Regarding tumoral cells, the GFP/mCherry L5178Y cell line presented high expression of the DR5 TRAIL receptor, indicating its possible sensibility to cell death with this treatment. L5178Y has not been reported as capable of developing metastasis; however, in our results in a murine model, we detected that the GFP/mCherry L5178Y cell line could migrate to the liver (in 22 days). Furthermore, we confirmed the morphological characteristics associated with setting up metastatic disease, offering an in vivo model to study antineoplastic drugs or agents with antitumor and antimetastatic activity. A macroscopic analysis of treated right gastrocnemius allowed a comparison of anatomopathological differences, suggesting that in contrast to the saline solution control group, where the presence of neoplastic tissue was evident, in transduced BM-MSC groups, only striated skeletal muscle was observed in the right lower leg. mCherry fluorescence intensity showed that the IL-12 BM-MSC treated group had a significantly reduced (p < 0.05) fluorescent signal in the right gastrocnemius. It is important to note that other studies required multiple doses of MSC to observe the antitumoral [4,18] and antimetastatic activity [21]. In our study, the treatments showed a reduction in tumor growth in large-volume tumors, and metastasis was reduced but not eliminated. The poor antimetastatic effectivity is related to the lack of homing to the liver due to its limitation in tumor stroma and cell death [4]. Thus, changes in treatment with the application of multiple doses of MSC should improve the outcome, as demonstrated at the study’s end when transduced BM-MSC were eliminated from the inoculation site.
Using a semiquantitative scale, we found that IL-12 BM-MSC treatment has the greatest efficiency for reducing morphological alterations and tumor cell infiltration in the right gastrocnemius. Combined treatment with sTRAIL plus IL-12 or IL-12 alone similarly reduced the tumor cell infiltrate and morphological alterations related to metastases in the liver. Although IL-12 had an antimetastatic effect in other studies [15,21,23], in this study, tissue changes related to metastasis continued in the treated groups. This finding could be related to MSC doses and the inoculation site. Thus, BM-MSC overexpressing antitumoral products can limit tumor growth and improve apoptosis when focally administered [28]; nevertheless, they can reduce metastasis development.
TRAIL induces apoptosis by activation of the caspase 8 receptor [4]. However, even with proapoptotic receptors, tumoral cells can develop resistance to apoptosis, as demonstrated in colon, breast, and liver cancer and leukemia. The main mechanism is the overexpression of FLIP, which in turn blocks the DISC complex. Another mechanism is the overexpression of BCL-2 anti-apoptotic members, which inhibit apoptosis mediated by mitochondria.
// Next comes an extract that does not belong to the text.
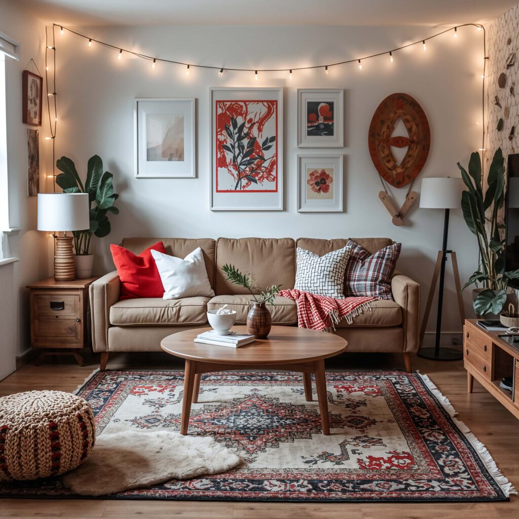 - Layer lighting with floor lamps, table lamps, and string lights (apartment overhead lighting is notoriously awful)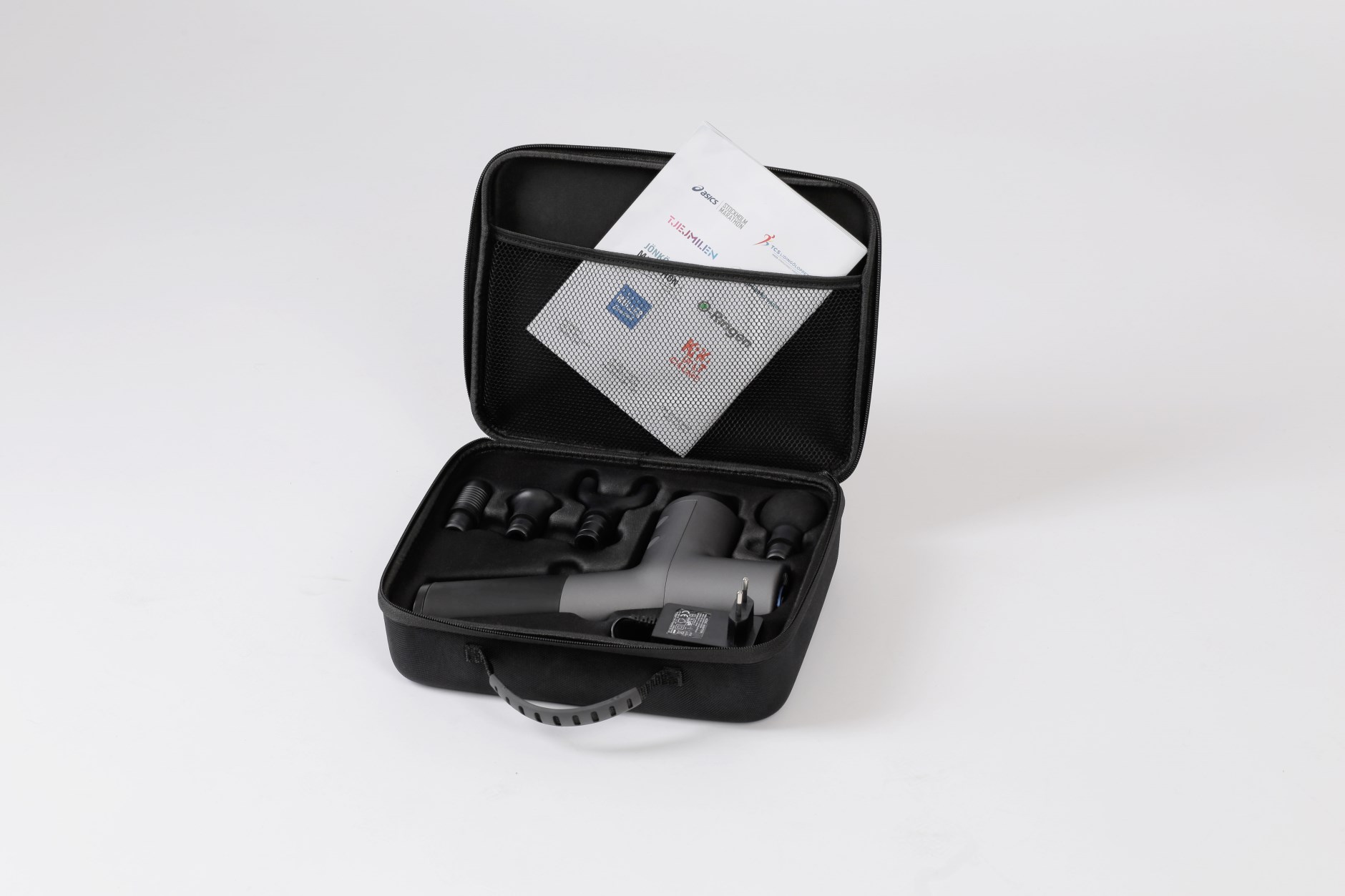 En massagepistol er et massageapparat, der har en bevægelig arm, hvor du kan fastgøre en af de medfølgende mundstykker. Når dysen bevæger sig frem og tilbage i høj hastighed, produceres vibrationsbølger, der trænger dybt ind i bindevævet i kroppen. På den måde blødgøres musklerne, hvilket reducerer smerten, og musklerne kommer sig hurtigere efter f.eks. træning. Massagepistolen hjælper også med at reducere opbygningen af mælkesyre, under hårde træningspas. Når du reducerer mælkesyren, accelereres muskelhelingen og dermed restitutionen efter din træning. Men takket være massagepistolens øgede blodgennemstrømning, hjælper det også musklerne med at slappe af, hvilket passer til dig, der har et stillesiddende job og har brug for hjælp til at slippe af med muskelknuder.

Moreover, TRAIL-resistant cells possess higher activation of the NF-kβ pathway related to cell proliferation [29]. The lack of additive effect of TRAIL and IL-12 could be associated with resistance development of lymphoma cells, which keeps as a perspective for future research.
There are some concerns about the systemic use of IL-12, as there is a risk of developing metabolic acidosis, hepatitis, renal failure, and death in clinical trials. Furthermore, local IL-12 application does not generate toxicity and can eliminate tumors, as it is more regulated by the organism [17,19]. IL-12 induces IFN-γ release and infiltration of CD4+, CD8+ T cells, NK cells, and dendritic cells into the tumor, evidencing its potential use in immunotherapy [23,30]. At the same time, MSC gene modification with adenoviral vectors for IL-12 expression could present more intense antitumoral effects than recombinant plasmid vectors or naïve MSC. Moreover, even when it is demonstrated that naïve MSC can produce limited amounts of TRAIL [31], the use of naïve MSC might present adverse effects as it increases cancer cell migration due to its immunosuppressor properties in hypoxia [14]. We observed that mice tumors treated with naïve BM-MSC resume growth after day 20; further, they present abundant tumoral cell infiltrates and severe dysplasia in the right gastrocnemius and the liver. Current research focuses on using MSC, or adipose stem cells (ASC) stimulated with cells such as M1 macrophages to improve the production of TRAIL without gene manipulation for short-term clinical application [32]; however, this concept needs more research.
This study confirms the antitumoral activity of IL-12 BM-MSC as an alternative treatment for lymphoma. Although we anticipated that the combination of treatments potentiated the action of both proteins, the in vivo model showed the same efficacy as the individual use of IL-12. This finding indicates a possible resistance mechanism of cancer cells to apoptosis by TRAIL or the need for another delivery option for treatment. Nevertheless, our results bring new insights and questions for cancer research.

5. Conclusions

We found that BM-MSC expressing sTRAIL plus IL-12 or only IL-12 is a potential strategy against lymphoma solid tumors, reducing tumor growth and increasing survival in a murine lymphoma model with only one dose of 1 × 106 cells. However, for this model, there was not a significative additive effect with BM-MSC expressing sTRAIL. Moreover, both treatments reduced the progression of morphological changes related to liver metastasis.

Author Contributions

A.G.Q.-R. contributed to designing, performing experiments, analysis, and discussion of results. H.G.M.-R. and S.L.S.-F. helped to design experiments. A.M.R.-E. contributed to designing and analyzing results. A.Y.L.-F. helped in the management and in the care with murine model. P.D.-G. helped to design experiments. A.S.-D. helped in the standardization of immunohistochemistry and with the software of the fluorescence microscope. J.F.M.-D.l.G. helped with the analysis of results and statistical analysis. C.A.G.-V. contributed to designing of transgenes of lentivirus. J.F.I. edited the text, analyzed the results, and reviewed the final manuscript. E.N.G.-T. contributed to the design of experiments, analysis of the results, discussion, and correction of the manuscript. A.G.Q.-R. and E.N.G.-T. confirm the authenticity of all the raw data. All authors have read and agreed to the published version of the manuscript.

Funding

This research received no external funding.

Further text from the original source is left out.